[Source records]
==================================================

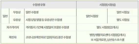 - 확진자와 격리자는 시험 응시장소가 다르고 정해진 시험장이 아닌 시험장에서 응시가 불가능
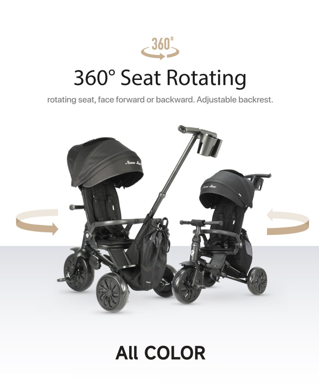 Za maksimalnu udobnost deteta tu su rotirajući i podesivi naslon, kao i sklopiva ručka za upravljanje, koja omogućava sigurnu i kontrolisanu vožnju.
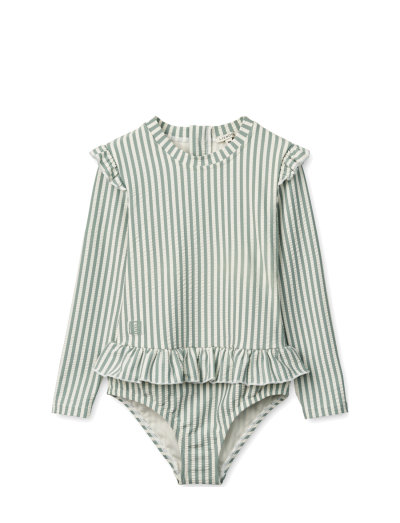 The Sille swimsuit combines a playful expression with UV protection for fun family time spent by the water. Features playful ruffles on shoulders and waist and a practical back zipper.
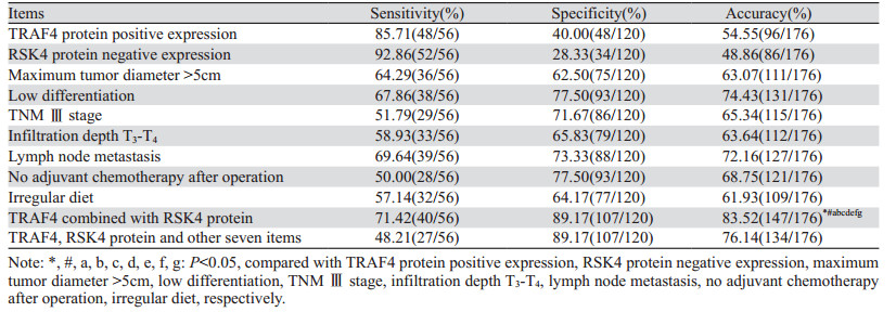 胃癌组织TRAF4和RSK4蛋白表达联合预测胃癌腹腔镜根治术后复发的准确度高于各蛋白单独预测(χ2=34.566、47.239, P < 0.001),且高于最大肿瘤直径 > 5 cm、低分化、TNMⅢ期、浸润深度T3~T4、淋巴结转移、术后未辅助化疗、未规律饮食(χ2=18.810、4.380、15.286、17.902、6.588、10.570、20.682,P=0.000、0.036、0.000、0.000、0.010、0.001、0.000),而与TRAF4、RSK4蛋白表达联合其他七项比较差异无统计学意义(χ2=2.982, P=0.084),见表 7。
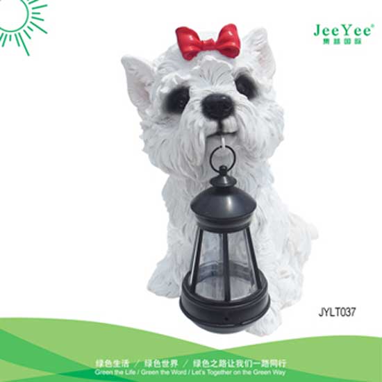 This is a solar light built with a crystalline solar panel. With a fun design, the lantern-shaped light is carried by a cute polyresin dog. The power switch is sensitive and easy to use.
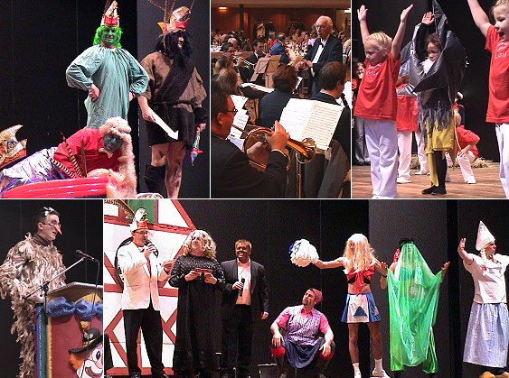 Die kleinen "Kuckuckseier" zeigten einen drolligen Schautanz (Bild oben rechts), und Björn Fellhauer schlüpfte in das Federkleid eines Sperlings. In der Bütt gestand er: "Einmal möchte ich ein Kuckuck sein" (unten links). Im Finale schließlich holte die KG Kuckuck ihre aktiven Gruppen auf die Bühne, und gemeinsam mit Gesangssolist Jürgen Huber trällerte man in kleiner Abwandlung eines Wolfgang-Petry-Songs "Weiß der Kuckuck oder weiß er nicht" (siehe Videoclip). Für die musikalische Umrahmung des Frühschoppens sorgte die katholische Pfarrkapelle unter Leitung von Gustav Rumstadt (BIld oben MItte).
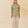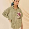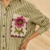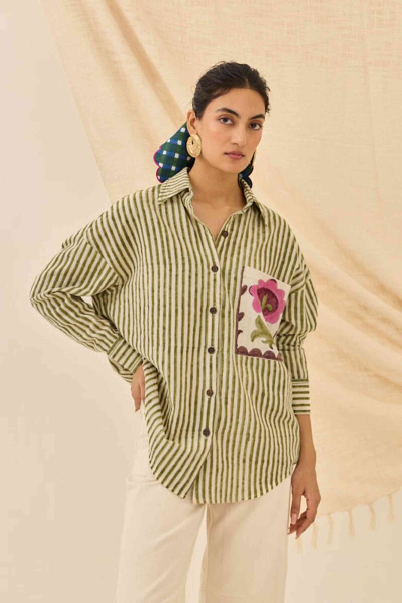A relaxed, oversized button-down shirt in the olive green stripe hand-block print. It features full sleeves, a classic collar, and is distinctively highlighted by a chest pocket overlaid with a large, bright pink floral, perfect for casual, effortless layering.
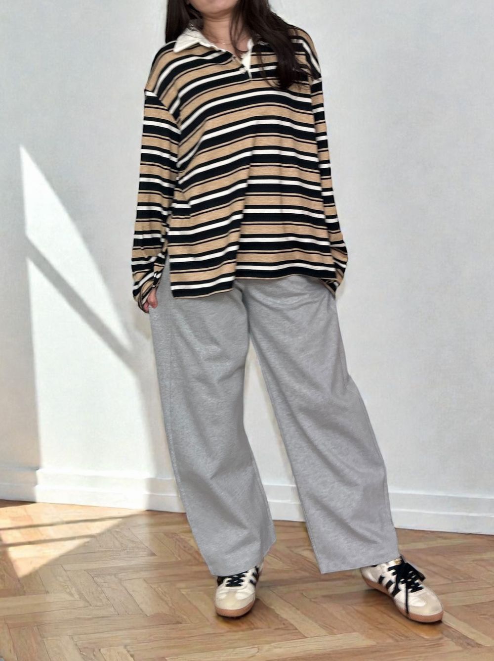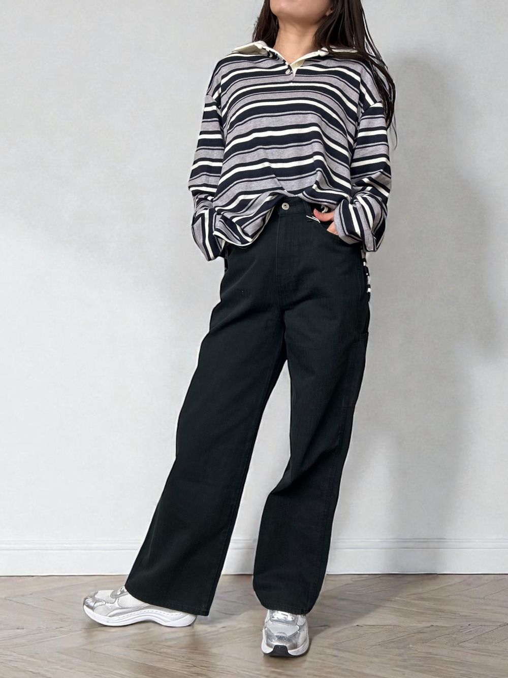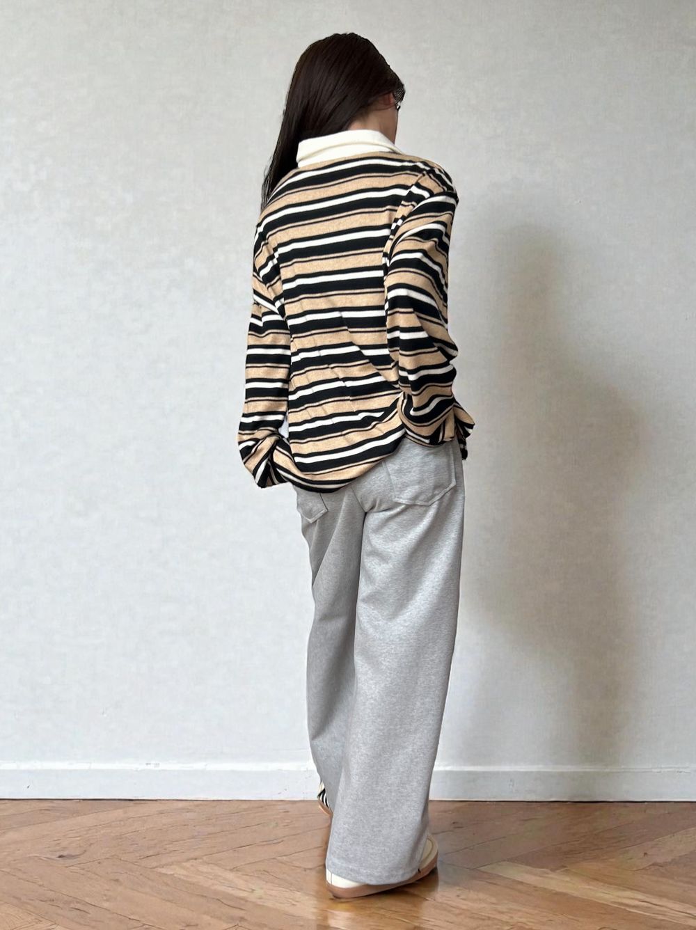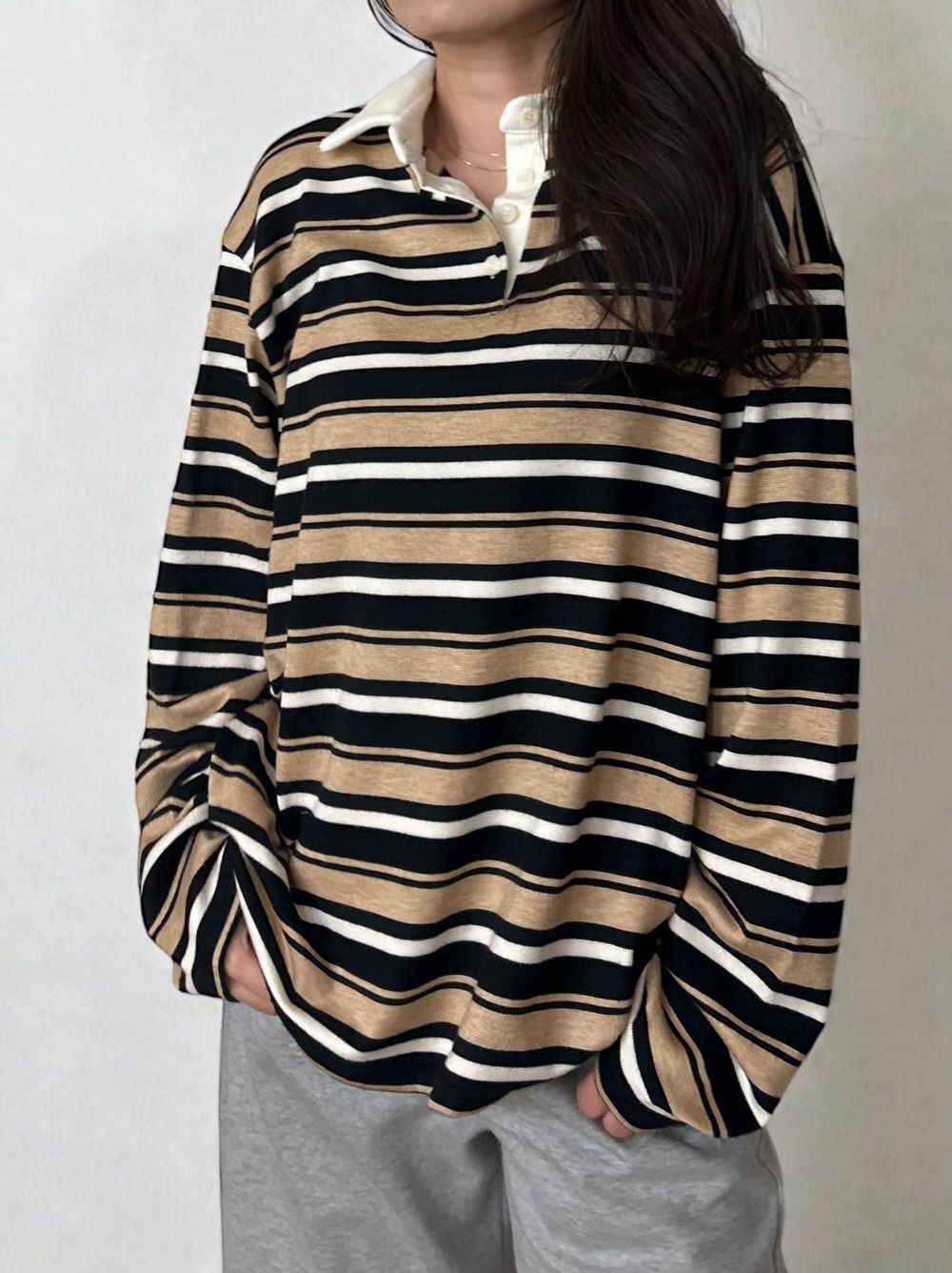 ゆったりとしたオーバーサイズながら、肩の落ち感やシルエットにこだわることで、骨格ストレートの方でもごつく見えず、すとんと自然に体に馴染むバランスに仕上げました。
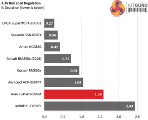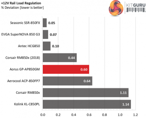 The first set of tests reveals the stability of the voltage rails and the GP-AP850GM’s efficiency. The applied load equals (approximately) 10 to 110 percent of the power supplies maximum load in increments of 10 percentage points.
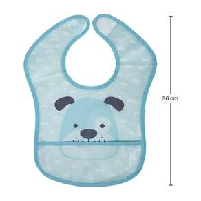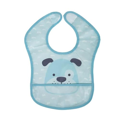 o babador com pega migalhas cachorro da buba possui tecido impermeavel e bolso pega migalhas, ideal para evitar que o pequeno suje a roupinha. O fecho em tiras aderentes se ajusta facilmente ao pescoco do bebe. Impermeável
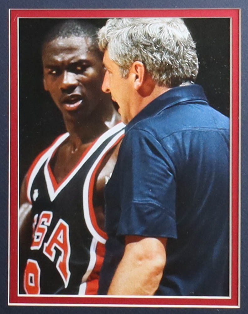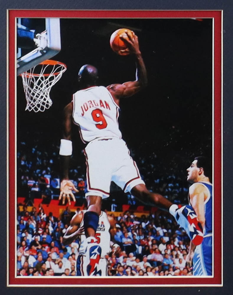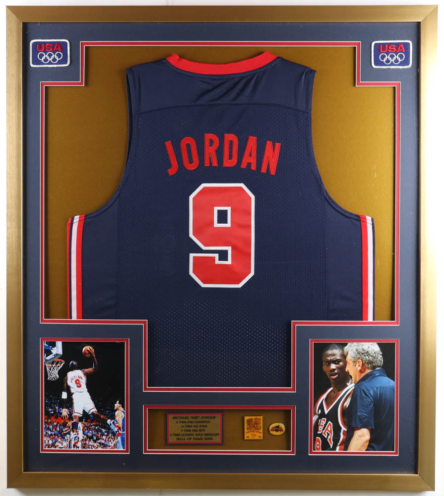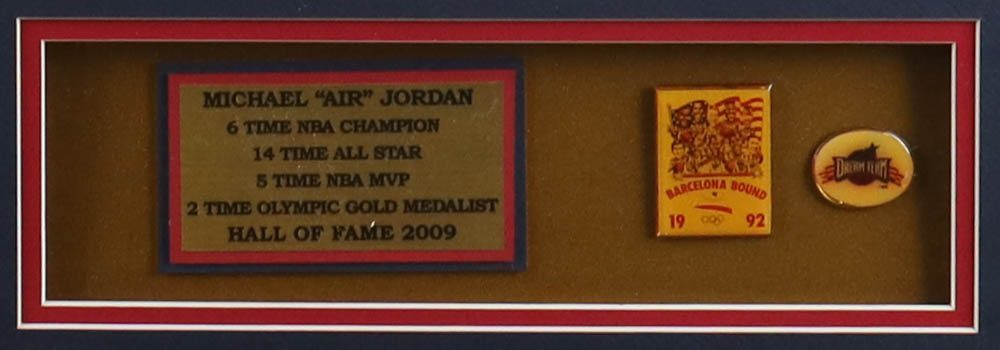 Custom frame measures 32" x 36" in size and features an unsigned Michael Jordan jersey (Chicago Bulls, HOF), (2) Dream Team USA Basketball Olympic pins as well as (2) Team USA Olympic patches and (2) photos.

==================================================

WHAT YOU WILL DO
Do not include pictures. Copy only the lines running from the line with "o babador com" through the last line of the records, exactly as they appear.

FINISHED TASK
 o babador com pega migalhas cachorro da buba possui tecido impermeavel e bolso pega migalhas, ideal para evitar que o pequeno suje a roupinha. O fecho em tiras aderentes se ajusta facilmente ao pescoco do bebe. Impermeável
 Custom frame measures 32" x 36" in size and features an unsigned Michael Jordan jersey (Chicago Bulls, HOF), (2) Dream Team USA Basketball Olympic pins as well as (2) Team USA Olympic patches and (2) photos.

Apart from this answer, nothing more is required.